Source material =>
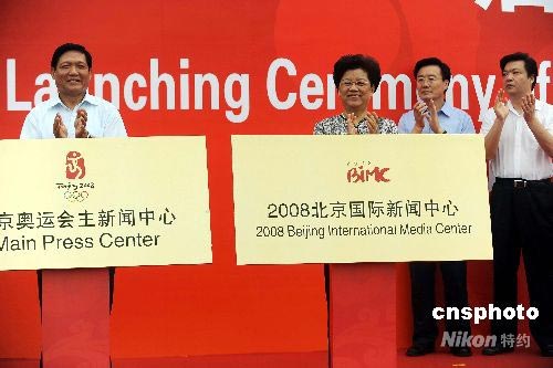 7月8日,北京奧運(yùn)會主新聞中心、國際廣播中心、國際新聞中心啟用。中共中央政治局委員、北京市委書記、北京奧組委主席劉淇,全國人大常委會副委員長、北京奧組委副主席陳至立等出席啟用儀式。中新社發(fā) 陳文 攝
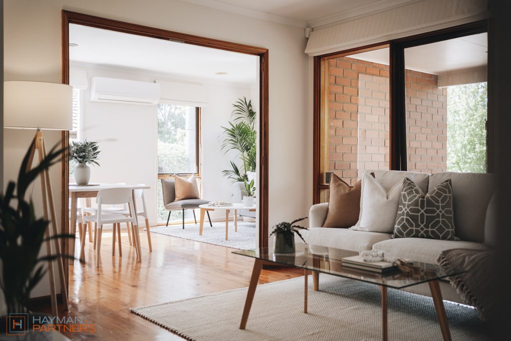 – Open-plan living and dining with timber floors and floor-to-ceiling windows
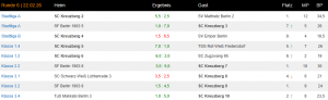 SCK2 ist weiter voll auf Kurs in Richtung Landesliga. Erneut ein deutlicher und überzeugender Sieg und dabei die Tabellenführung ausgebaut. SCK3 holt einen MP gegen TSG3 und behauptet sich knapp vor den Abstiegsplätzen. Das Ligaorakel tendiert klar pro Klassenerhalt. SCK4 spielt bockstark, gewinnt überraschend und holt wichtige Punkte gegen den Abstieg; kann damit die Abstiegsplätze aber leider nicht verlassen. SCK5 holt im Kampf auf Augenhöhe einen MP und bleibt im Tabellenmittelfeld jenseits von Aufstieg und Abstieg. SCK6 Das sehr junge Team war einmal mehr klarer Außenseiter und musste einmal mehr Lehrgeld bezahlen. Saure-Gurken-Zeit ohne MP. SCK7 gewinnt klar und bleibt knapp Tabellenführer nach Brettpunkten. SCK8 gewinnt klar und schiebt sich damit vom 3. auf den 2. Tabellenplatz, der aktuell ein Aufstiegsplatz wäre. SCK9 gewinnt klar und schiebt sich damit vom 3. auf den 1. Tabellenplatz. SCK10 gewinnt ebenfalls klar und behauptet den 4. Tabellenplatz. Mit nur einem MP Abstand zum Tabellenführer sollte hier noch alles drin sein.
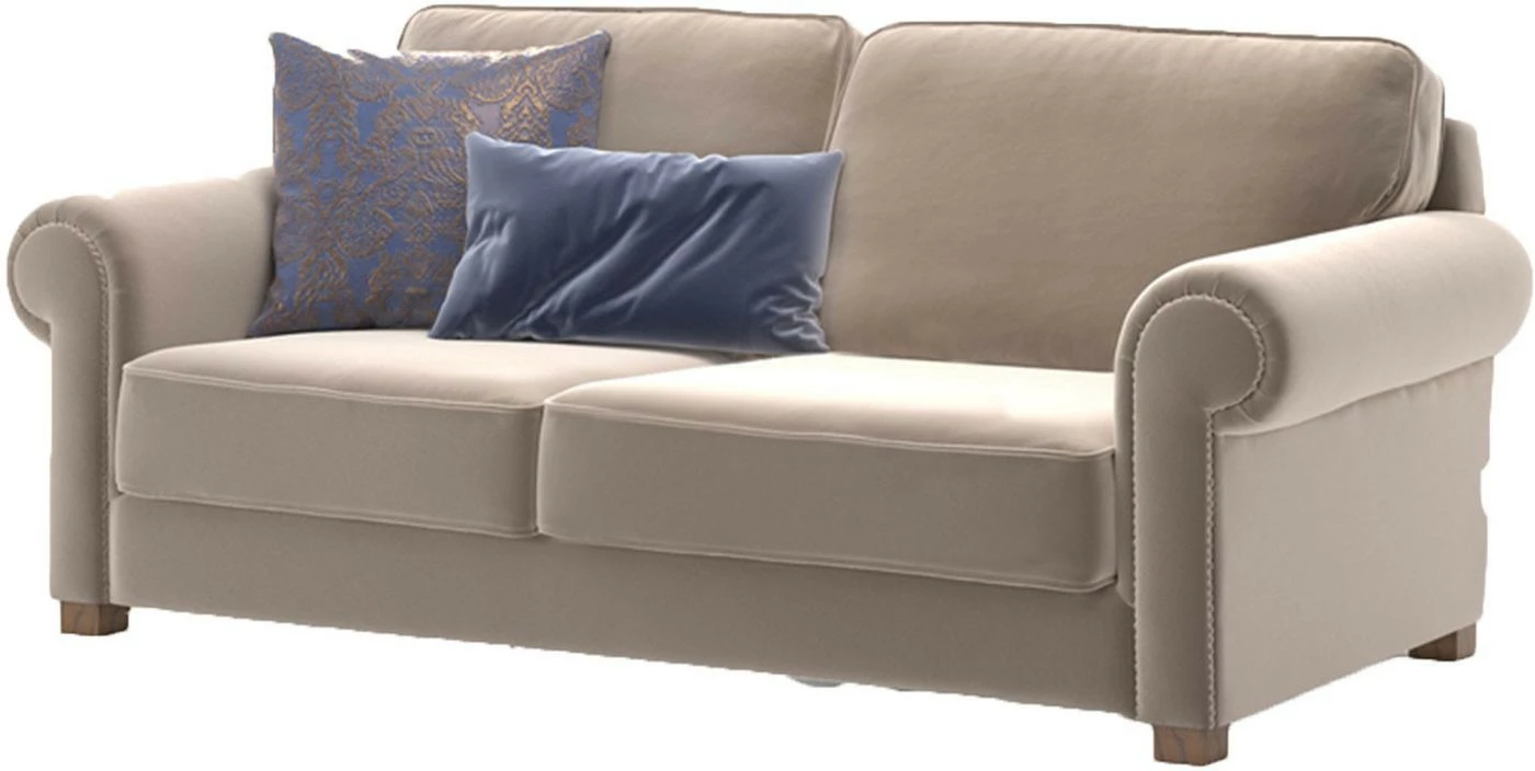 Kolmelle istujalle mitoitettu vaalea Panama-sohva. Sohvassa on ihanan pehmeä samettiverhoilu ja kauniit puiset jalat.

What needs to be done => Reproduce the opening lines of the material above exactly, ending with the line that contains "and floor-to-ceiling windows". Omit every picture.

Expected answer =>
 7月8日,北京奧運(yùn)會主新聞中心、國際廣播中心、國際新聞中心啟用。中共中央政治局委員、北京市委書記、北京奧組委主席劉淇,全國人大常委會副委員長、北京奧組委副主席陳至立等出席啟用儀式。中新社發(fā) 陳文 攝
 – Open-plan living and dining with timber floors and floor-to-ceiling windows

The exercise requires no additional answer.